Внешне он был похож на любого другого русского работягу, ничего не видавшего в жизни, кроме нелегкого труда ради куска хлеба. Пожелтевшие на висках спутанные седые волосы, окладистая широкая борода и прищуренный взгляд из-под белых бровей. К этому надо добавить непомерно длинные жилистые руки с большими узловатыми пальцами и шершавыми бугристыми ладонями. Натруженные, работящие руки.

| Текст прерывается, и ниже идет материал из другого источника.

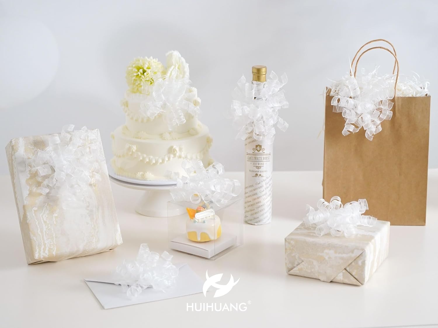 • SIZE & PACK: Each package contains 8 pcs white curly bows, and made from 12 strands of 3/8"(9mm) wide sheer ribbon that adds a light, airy, and luxurious feel to any gift or decoration. Bows measures 5"~5.5" wide, create a dramatic and burst effect, making it ideal for large gift boxes, baskets, and decorations

Вот и весь Митроха, один из тех, на ком держалась, по его словам, «матушка Расея».
Вся жизнь и вся радость старика заключались в железной дороге, к которой он прирос сердцем за долгие годы.
— Дело наше тяжелое, — говорил он Беталу в те дни, когда на него вдруг нападала словоохотливость. — Шумное… Ты — горец, тебе, понятно, весь этот грохот в диковинку. Вот и спишь, чую я, непокойно: паровозишки-то гудят, будят не ко времени… Возьми, к примеру, мужика, ему дорога в тягость. Опять же — в вагоне нипочем не уснет. А мы люди привычные… Заберешься, бывало, на полку и дремлешь. Колеса стучат, вагон, ровно люльку, качает, убаюкивает тебя. Чего еще надобно? Душа отдыхает. А уложи меня где-нибудь посереди степи, — глаз не сомкну. Тишина одолеет. Хоть бы какая железка задребезжала. Привыкли мы, брат, к железному звону. А привычка — она вещь великая… Стар уж я стал и помру скоро, а все мне кажется, что и после смерти паровозные гудки буду слышать…
Бетал сделал протестующий жест.
— Ничего тут не попишешь, — продолжал старик, — помру я, наверно, скоро. Одного только хочу — пусть положат меня не на кладбище, а возле путей… На кладбище тихо, а я тишины не люблю…
Митроха помолчал, посопел в усы, видимо, решив, что напрасно затронул столь мрачную тему, и заговорил вдруг совершенно другим тоном, засматривая Беталу в глаза:
— А знаешь, дружок у меня был. Федором звали. Машинист — что надо. И так к паровозу привык, что и ходил, как паровоз, — с шумом. Идет, бывало, и отдувается: «Пуфф-пуфф, пуфф-пуфф».
Бетал улыбнулся.
— Так его «пуфф-пуфф» и дразнили. Уж если один раз обсмеют тебя по какому-либо случаю, всю жизнь от. надсмешки проходу не будет… Вот и я к старости стал Митрохой. Так-то. Жизнь, брат…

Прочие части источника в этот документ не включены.